··· Material shown ···
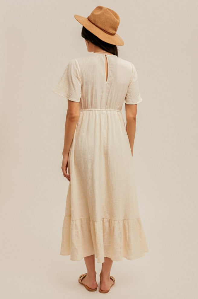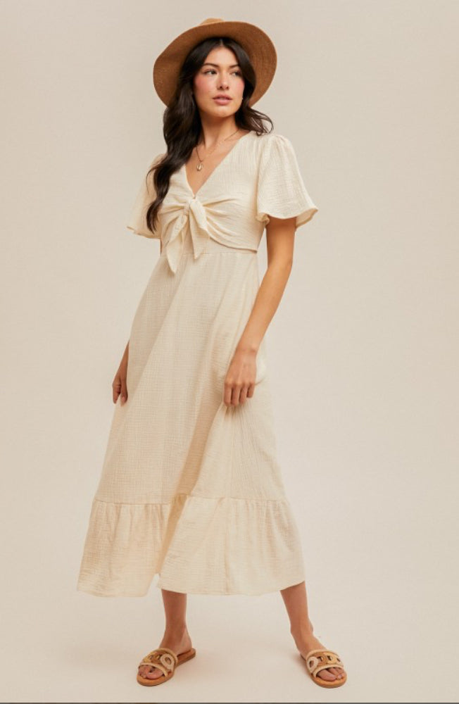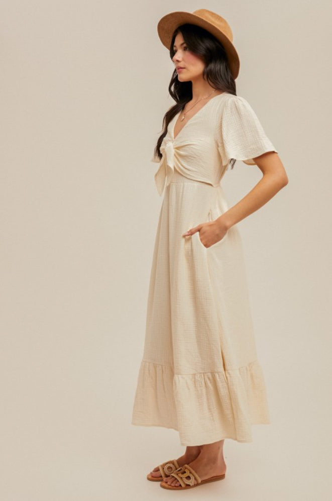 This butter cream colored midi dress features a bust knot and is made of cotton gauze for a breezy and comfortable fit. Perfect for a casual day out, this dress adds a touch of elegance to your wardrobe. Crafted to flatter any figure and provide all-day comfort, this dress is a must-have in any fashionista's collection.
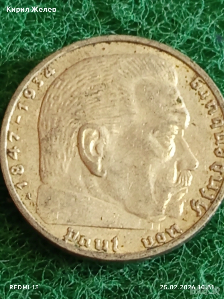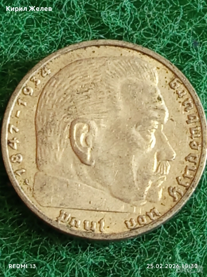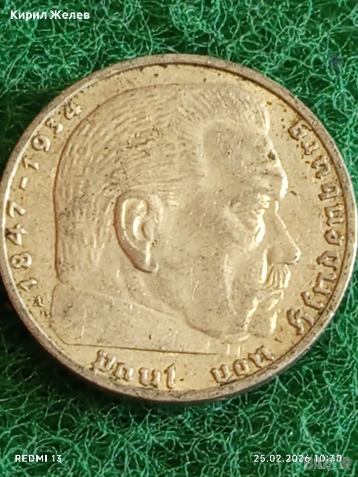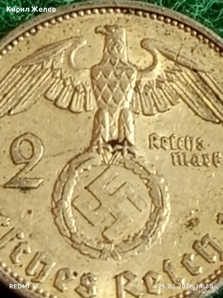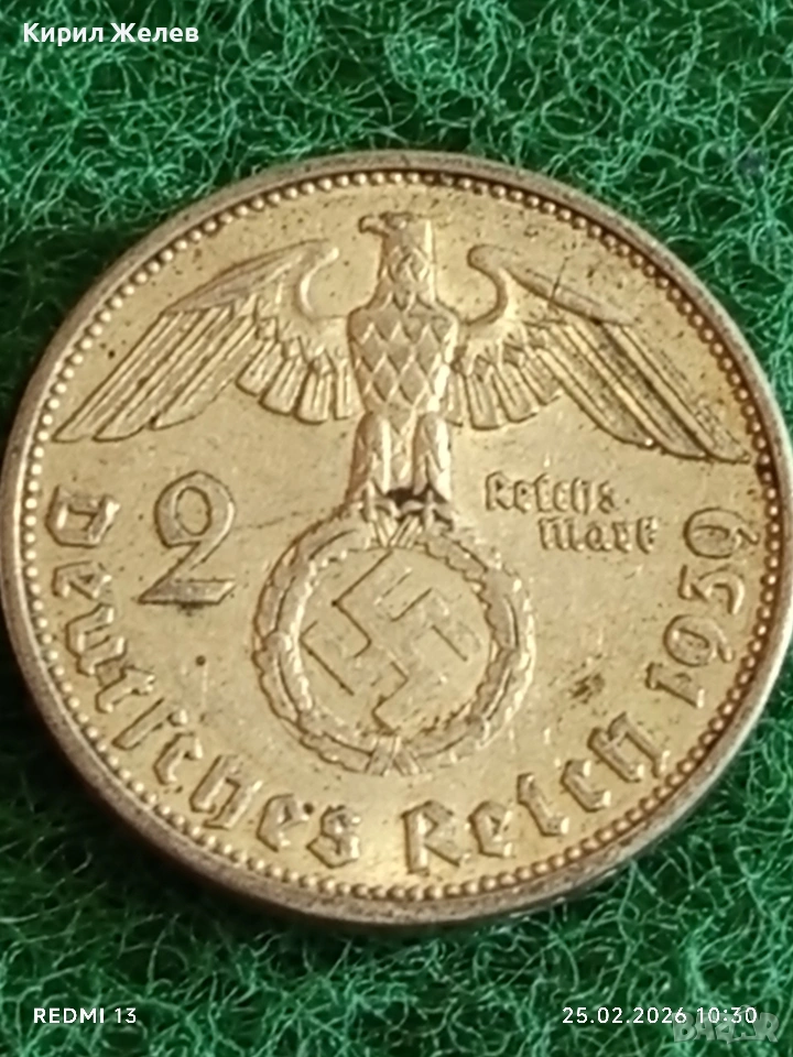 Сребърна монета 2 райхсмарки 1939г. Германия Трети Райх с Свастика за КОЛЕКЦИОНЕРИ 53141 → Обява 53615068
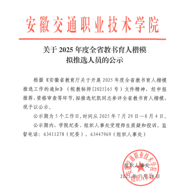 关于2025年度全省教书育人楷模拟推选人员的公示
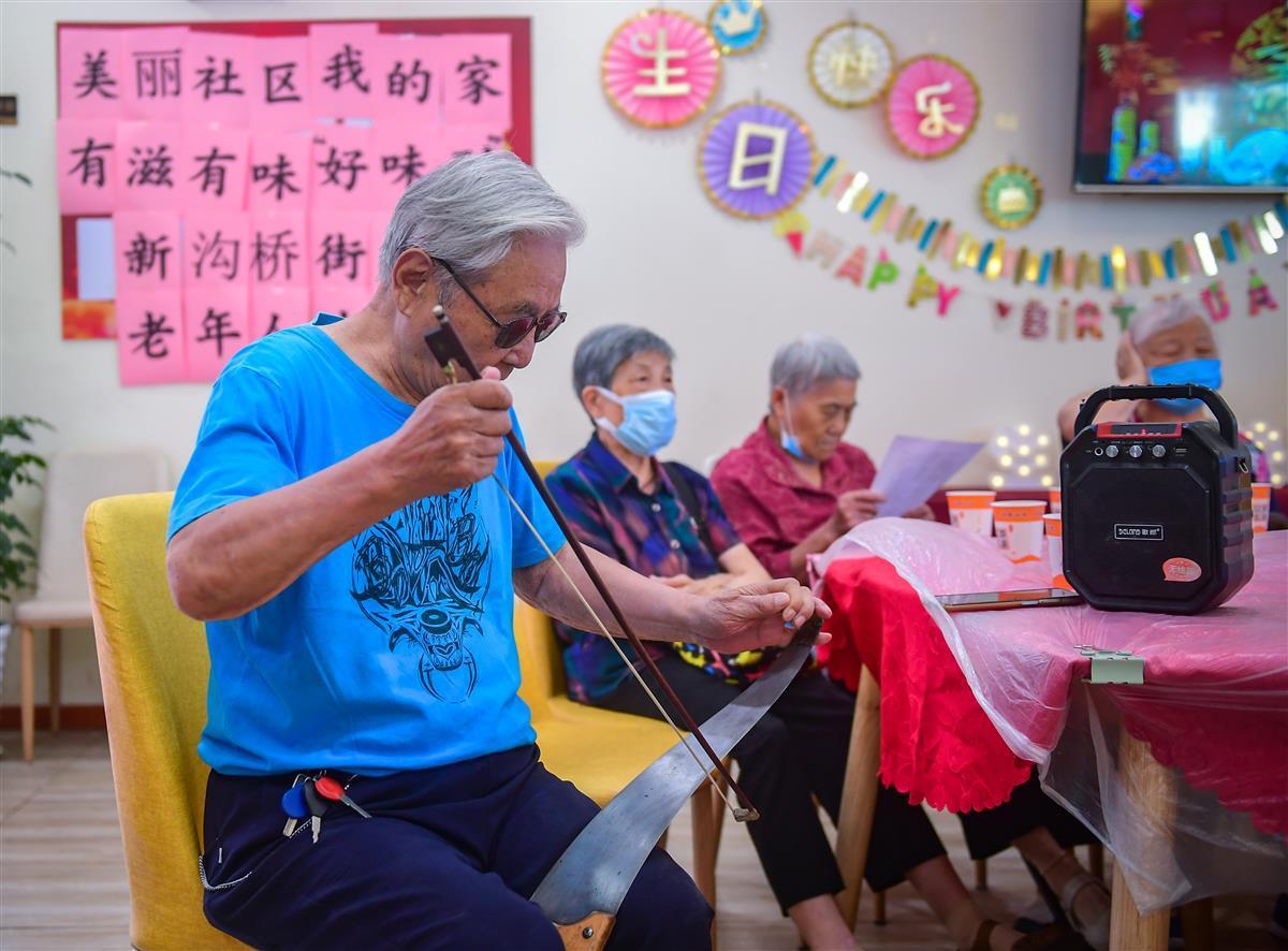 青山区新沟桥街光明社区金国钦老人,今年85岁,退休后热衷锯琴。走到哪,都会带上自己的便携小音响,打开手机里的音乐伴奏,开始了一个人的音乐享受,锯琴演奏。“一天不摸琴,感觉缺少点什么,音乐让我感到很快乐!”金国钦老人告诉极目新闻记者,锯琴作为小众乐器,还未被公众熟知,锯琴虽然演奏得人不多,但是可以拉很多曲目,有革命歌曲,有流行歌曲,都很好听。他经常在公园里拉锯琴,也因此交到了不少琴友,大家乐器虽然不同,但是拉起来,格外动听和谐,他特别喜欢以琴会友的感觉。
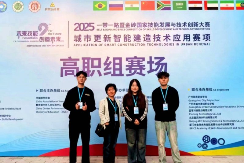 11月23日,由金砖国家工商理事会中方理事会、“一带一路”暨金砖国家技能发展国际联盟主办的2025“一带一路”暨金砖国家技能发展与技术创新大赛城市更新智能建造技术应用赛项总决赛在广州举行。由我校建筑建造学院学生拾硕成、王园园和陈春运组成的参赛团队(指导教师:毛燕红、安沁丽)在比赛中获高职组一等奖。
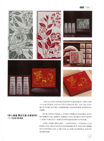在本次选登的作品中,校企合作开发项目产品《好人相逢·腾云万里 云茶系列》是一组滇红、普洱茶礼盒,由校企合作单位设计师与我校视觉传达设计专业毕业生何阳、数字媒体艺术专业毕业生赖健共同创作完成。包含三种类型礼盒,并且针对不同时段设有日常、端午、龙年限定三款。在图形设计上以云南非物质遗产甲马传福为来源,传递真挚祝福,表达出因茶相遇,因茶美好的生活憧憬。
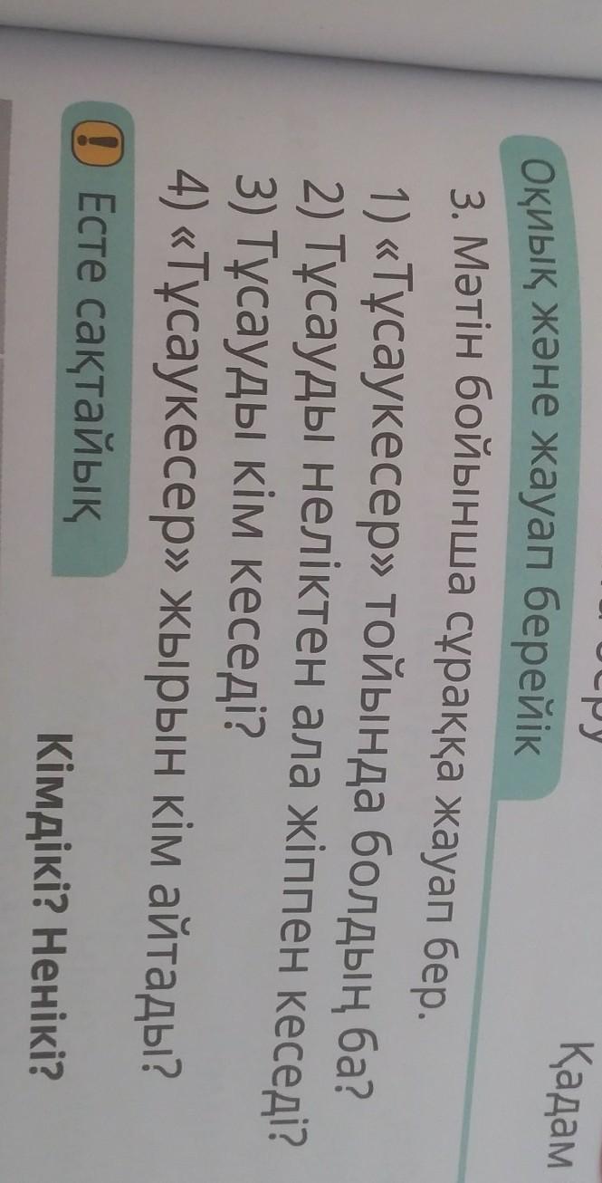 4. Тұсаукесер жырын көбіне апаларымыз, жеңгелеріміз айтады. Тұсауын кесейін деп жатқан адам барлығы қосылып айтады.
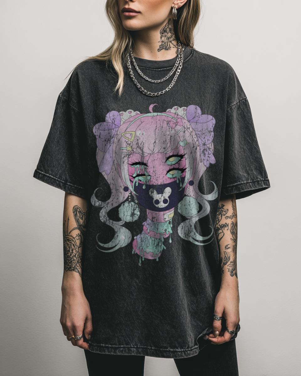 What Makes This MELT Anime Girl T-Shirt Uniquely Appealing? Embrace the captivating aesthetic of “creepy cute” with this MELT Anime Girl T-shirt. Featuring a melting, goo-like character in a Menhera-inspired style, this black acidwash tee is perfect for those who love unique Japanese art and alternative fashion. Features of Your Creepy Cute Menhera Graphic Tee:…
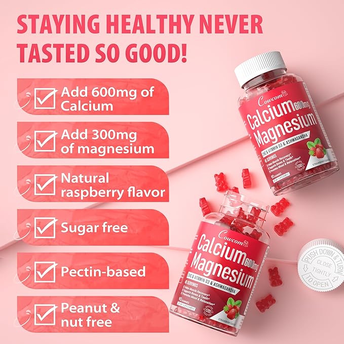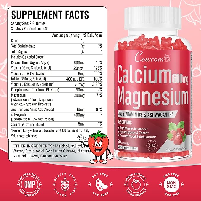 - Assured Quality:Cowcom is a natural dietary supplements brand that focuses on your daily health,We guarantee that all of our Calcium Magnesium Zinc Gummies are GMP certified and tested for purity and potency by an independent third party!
···
_Required action:_ Reproduce exactly, with nothing added, the lines from the line with "在本次选登的作品中,校企合作" through the end of the entries above; pictures are to be left out.

_Solution for this problem:_
在本次选登的作品中,校企合作开发项目产品《好人相逢·腾云万里 云茶系列》是一组滇红、普洱茶礼盒,由校企合作单位设计师与我校视觉传达设计专业毕业生何阳、数字媒体艺术专业毕业生赖健共同创作完成。包含三种类型礼盒,并且针对不同时段设有日常、端午、龙年限定三款。在图形设计上以云南非物质遗产甲马传福为来源,传递真挚祝福,表达出因茶相遇,因茶美好的生活憧憬。
 4. Тұсаукесер жырын көбіне апаларымыз, жеңгелеріміз айтады. Тұсауын кесейін деп жатқан адам барлығы қосылып айтады.
 What Makes This MELT Anime Girl T-Shirt Uniquely Appealing? Embrace the captivating aesthetic of “creepy cute” with this MELT Anime Girl T-shirt. Featuring a melting, goo-like character in a Menhera-inspired style, this black acidwash tee is perfect for those who love unique Japanese art and alternative fashion. Features of Your Creepy Cute Menhera Graphic Tee:…
 - Assured Quality:Cowcom is a natural dietary supplements brand that focuses on your daily health,We guarantee that all of our Calcium Magnesium Zinc Gummies are GMP certified and tested for purity and potency by an independent third party!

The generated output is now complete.